02 Mar '15 01:20>
Originally posted by OdBodI think I see what you are trying to get at. Biblical prophesy implies prescience, it does not of itself imply omniscience or omnipotence. Omniscience is, as I remember claimed elsewhere in the Bible, omnipotence is plausible given that the claim is that God created the entire universe. However, your point seems to depend on God's omniscience being elective.
It seems to me that given that biblical prophecy( cock crowing three times etc) suggests that this god has used this ability. This being the case would suggest there is no free will in this Universe .Or, god cherry picks its periods of knowledge in this Universe , I think this amounts to self deception.
You are relying on the claim that infallible prescience is necessarily in logical conflict with free will. However, we have not been able to demonstrate a logical contradiction.
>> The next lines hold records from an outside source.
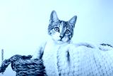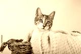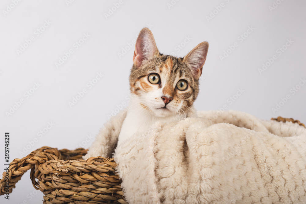 Cute tricolor puppy kitten tucked in a wicker basket with a blanket on white background.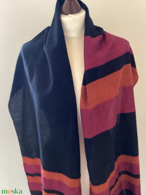 Kézzel szőtt elegáns Merinó Sötétkék narancs pink Kendő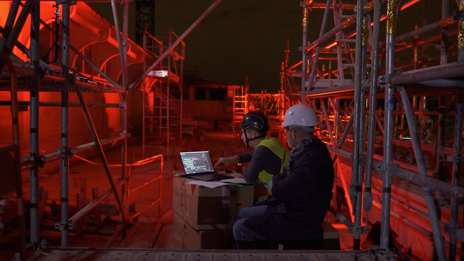 Tournage des essais du plasticien lumière Franck Franjou. Beaucoup de patience, de la finesse et de la précision pour parvenir à une scénographie lumineuse réussie pour la Samaritaine.
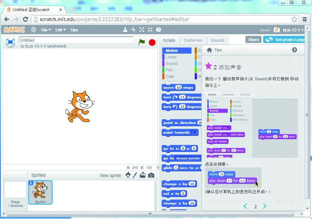 图1.13是按照教程将中间区域的代码拖动到右侧编程区域的一个过程,重复执行10次指令将内部的运动和发声模块连接起来,在连接的过程中,可以看到即将连接成功时会出现一个白色的框提示已经连接好。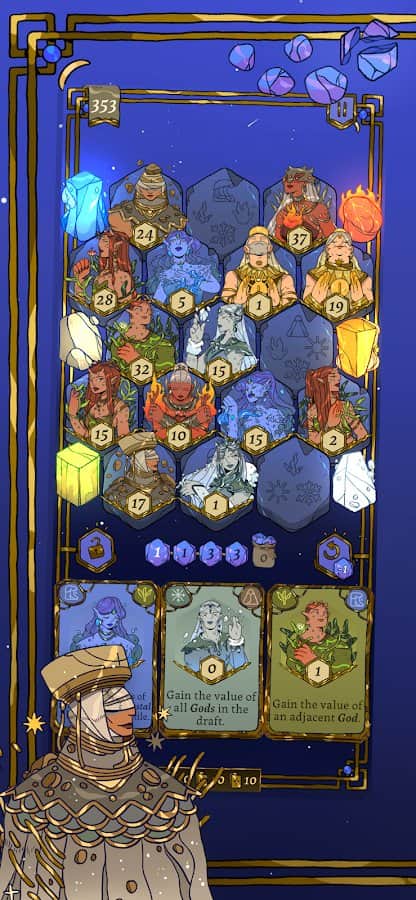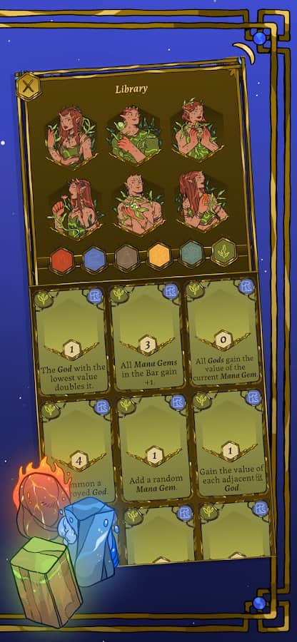 Geo Gods es un emocionante juego de cartas para un solo jugador que combina la creación de cartas y mecánicas simples de colocación de losetas. En este juego, te convertirás en el dueño de la magia elemental de los dioses y crearás tu propio jardín divino único. Cada facción de dioses ofrece su propio conjunto de cartas que se pueden usar estratégicamente para aumentar la puntuación de cada dios. Y para lograr un éxito aún mayor y crear el jardín perfecto, activa 6 cristales elementales de poder. Podrás competir en un torneo semanal donde pondrás a prueba tus habilidades luchando con otros jugadores. También tendrás acceso a tareas que te ayudarán a mejorar tu récord personal y volverte aún más fuerte.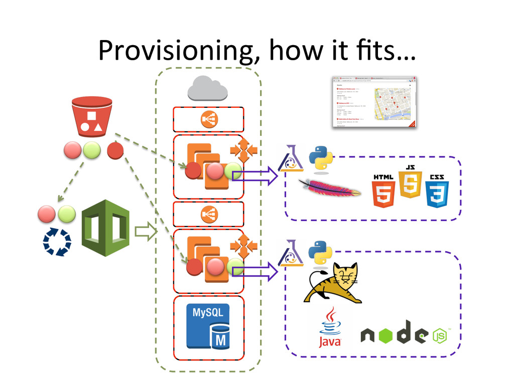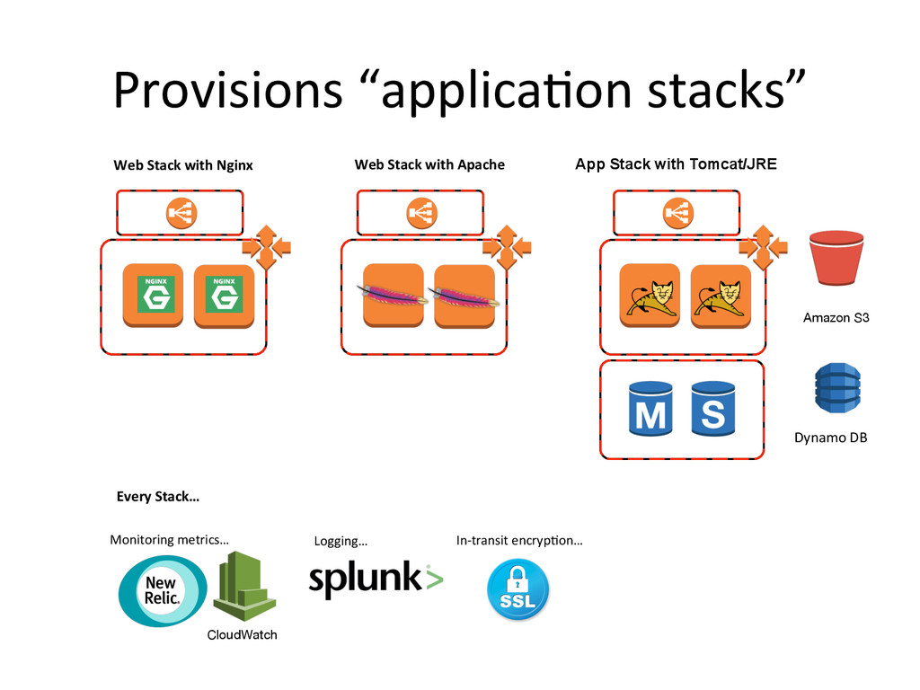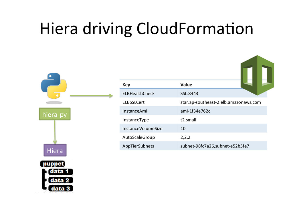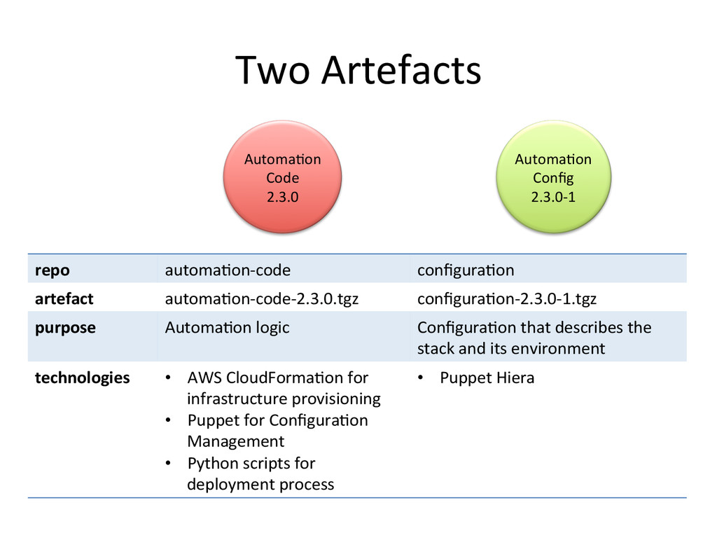 automa.on-‐code-‐2.3.0.tgz configura.on-‐2.3.0-‐1.tgz purpose Automa.on logic Configura.on that describes the stack and its environment technologies • AWS CloudForma.on for infrastructure provisioning • Puppet for Configura.on Management • Python scripts for deployment process • Puppet Hiera Automa.on Code 2.3.0 Automa.on Config 2.3.0-‐1

If God chooses not to remember certain events then does that amount to self-deception? I don't think so. For deception to occur there need to be some facts about something which someone is mislead over. Suppose the thing, an event E say, is the thing which I am going to deceive someone over - I want them to think ¬E, that the event was different in some way and was in fact F. They already know E, but I can use magic to make them forget. This then means that for all they know E could have happened or may not have. Their state of knowledge is now Ev¬E in other words the event may or may not have happened. Ev¬E is unconditionally true, they do not believe anything false yet. There is no particular reason for them to start thinking F until I tell them F is true and E is not.
Transferring this to God, if God chooses to forget E then his knowledge of the world is Ev¬E, he has no reason to believe F. So if God chose to forget E he would not know anything that was false. So I don't think you can construct a charge of self-deception.